# Question for Linux nuts



## NC37 (Apr 4, 2018)

Maybe someone might know around here. I got a friend that is trying to get some POS software working in Linux Mint 18.3. Chromis to be exact.

They are having a heck of a time with getting it to work and have been spending weeks now wrestling with it. I've mentioned to try asking the developer and the other users of it but, so far it has been silent. Wondering if anyone might be able to help or able to direct to a place that can? Thanks.

I'd help myself but my Linux experience is low.


----------



## The_DriverX (Apr 4, 2018)

I believe that Chromis is for Windows only... Just a quick search that might help you: https://www.linux.com/forums/applications/top-10-point-sale-pos-software-linux


----------



## kruk (Apr 4, 2018)

Install OpenJDK, download Chromis Linux installer: https://sourceforge.net/projects/chromispos/files/Linux/, install it and that should be it. PDF guide here: https://sourceforge.net/projects/chromispos/files/User Guides/

If this doesn't work, please try to describe any problems/errors as precise as possible. Without proper debug info nobody can't give a proper solution.


----------



## NC37 (Apr 5, 2018)

I'll forward this. They'll likely post later with the issue. Thanks!


----------



## 7chazzy7 (Apr 5, 2018)

Hi I’m using linux mint 18.3 recently and don’t have deep understanding about linux. I successfully installed chromis Pos but all the reports are error. I read a forum and it suggested me to use jaspersoft to enable the reports. Then I installed the jaspersoft 3 times and during the installation process few messages popped up telling me some failures. And I couldn’t access localhost 8800 Help me pls. Thanks in advance


----------



## NC37 (Apr 9, 2018)

Chazzy is the one with the problem.


----------



## 7chazzy7 (Apr 9, 2018)

These are my screenshot errors, probably helping to solve the problem https://sourceforge.net/p/chromispos/discussion/help/thread/47a14bdd/#d99e


----------



## kruk (Apr 9, 2018)

Wildfox Coder at SourceForge has given the most probable solution for the problem:



> I mentioned this before somewhere in another post in this forum, but you guys have to stop running the JAR files themselves instead of the proper start files. If you just run the JAR files the applications don't know where the locations of the report or locale files on your drive.

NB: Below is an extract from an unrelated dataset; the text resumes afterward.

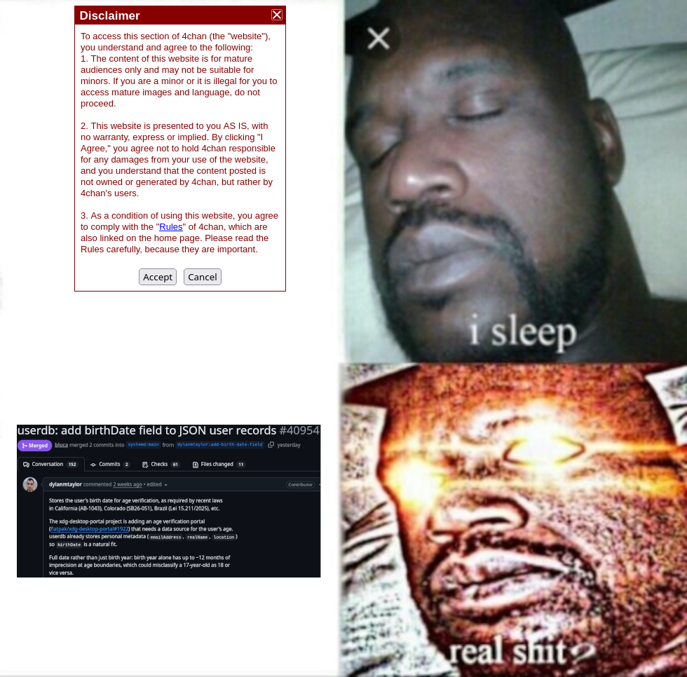 >>108480614This would be true if it's just setting an age that requires root access or a parental controls password to modify. So I'm not necessarily against it on Linux in its current form. But you know what they really want is for everyone to submit all their info to a Palantir-associated company to set it.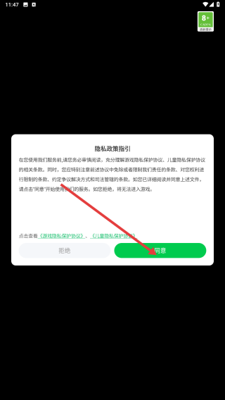 1、进入游戏,点击【同意】。

You get missing files errors, because the environment variables are not properly set up. Look for start.sh or similar file and run the program via that ...


----------



## CrAsHnBuRnXp (Apr 9, 2018)

Why do people try to use Linux when they dont understand how it works?


----------



## blobster21 (Apr 9, 2018)

CrAsHnBuRnXp said:


> Why do people try to use Linux when they dont understand how it works?



:FACEPALM: that's what you would call a learning curve maybe ? But maybe you were born with full adult capacities ?


----------



## Kursah (Apr 9, 2018)

CrAsHnBuRnXp said:


> Why do people try to use Linux when they dont understand how it works?



Why not?

Linux has enough more friendly distros to introduce folks to, I'd urge anyone that is capable of creating an account on this forum to at least try a Live CD/USB version if not a full on install.

Sometimes to learn you gotta break stuff. Pretty sure we've all been there before. 

Lastly, I fail to find the help or quality addition to this topic with such a question and nothing else, please refrain from that, feel free to review the forum guidelines if you need. Link's in my sig.


----------



## CrAsHnBuRnXp (Apr 9, 2018)

blobster21 said:


> :FACEPALM: that's what you would call a learning curve maybe ? But maybe you were born with full adult capacities ?


But for a business? I could understand if you had an IT department and a tech that knew what he was doing but a potential owner that is unfamiliar and it's now taking weeks? That is a loss of money.

But I guess ill just stop before I get another all mighty low quality post and have this one hidden too.


----------



## Kursah (Apr 9, 2018)

CrAsHnBuRnXp said:


> But for a business? I could understand if you had an IT department and a tech that knew what he was doing but a potential owner that is unfamiliar and it's now taking weeks? That is a loss of money.
> 
> But I guess ill just stop before I get another all mighty low quality post and have this one hidden too.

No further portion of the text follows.